* [PATCH net] bonding: alb: fix UAF in rlb_arp_recv during bond up/down
@ 2026-02-13 9:54 Hangbin Liu
2026-02-13 10:16 ` Nikolay Aleksandrov
2026-02-13 21:52 ` Jay Vosburgh
0 siblings, 2 replies; 5+ messages in thread
From: Hangbin Liu @ 2026-02-13 9:54 UTC (permalink / raw)
To: netdev
Cc: Jay Vosburgh, Andrew Lunn, David S. Miller, Eric Dumazet,
Jakub Kicinski, Paolo Abeni, Jiri Bohac, Hangbin Liu, Liang Li
The ALB RX path may access rx_hashtbl concurrently with bond
teardown. During rapid bond up/down cycles, rlb_deinitialize()

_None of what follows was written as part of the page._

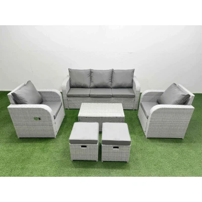 Pe Rattan Garden Furniture Set Reclining Chair Sofa Lounge Oblong Coffee Table 2 Small Stools Light Grey Fimous

frees rx_hashtbl while RX handlers are still running, leading
to a use-after-free detected by KASAN.
[ 214.174138] Oops: general protection fault, probably for non-canonical address 0xdffffc000000001d: 0000 [#1] SMP KASAN PTI
[ 214.186478] KASAN: null-ptr-deref in range [0x00000000000000e8-0x00000000000000ef]
[ 214.194933] CPU: 30 UID: 0 PID: 2375 Comm: ping Kdump: loaded Not tainted 6.19.0-rc8+ #2 PREEMPT(voluntary)
[ 214.205907] Hardware name: Dell Inc. PowerEdge R730/0WCJNT, BIOS 2.14.0 01/14/2022
[ 214.214357] RIP: 0010:rlb_arp_recv+0x505/0xab0 [bonding]
[ 214.220320] Code: 0f 85 2b 05 00 00 48 b8 00 00 00 00 00 fc ff df 40 0f b6 ed 48 c1 e5 06 49 03 ad 78 01 00 00 48 8d 7d 28 48 89 fa 48 c1 ea 03 <0f> b6
04 02 84 c0 74 06 0f 8e 12 05 00 00 80 7d 28 00 0f 84 8c 00
[ 214.241280] RSP: 0018:ffffc900073d8870 EFLAGS: 00010206
[ 214.247116] RAX: dffffc0000000000 RBX: ffff888168556822 RCX: ffff88816855681e
[ 214.255082] RDX: 000000000000001d RSI: dffffc0000000000 RDI: 00000000000000e8
[ 214.263048] RBP: 00000000000000c0 R08: 0000000000000002 R09: ffffed11192021c8
[ 214.271013] R10: ffff8888c9010e43 R11: 0000000000000001 R12: 1ffff92000e7b119
[ 214.278978] R13: ffff8888c9010e00 R14: ffff888168556822 R15: ffff888168556810
[ 214.286943] FS: 00007f85d2d9cb80(0000) GS:ffff88886ccb3000(0000) knlGS:0000000000000000
[ 214.295966] CS: 0010 DS: 0000 ES: 0000 CR0: 0000000080050033
[ 214.302380] CR2: 00007f0d047b5e34 CR3: 00000008a1c2e002 CR4: 00000000001726f0
[ 214.310347] Call Trace:
[ 214.313070] <IRQ>
[ 214.315318] ? __pfx_rlb_arp_recv+0x10/0x10 [bonding] [ 214.320975] bond_handle_frame+0x166/0xb60 [bonding]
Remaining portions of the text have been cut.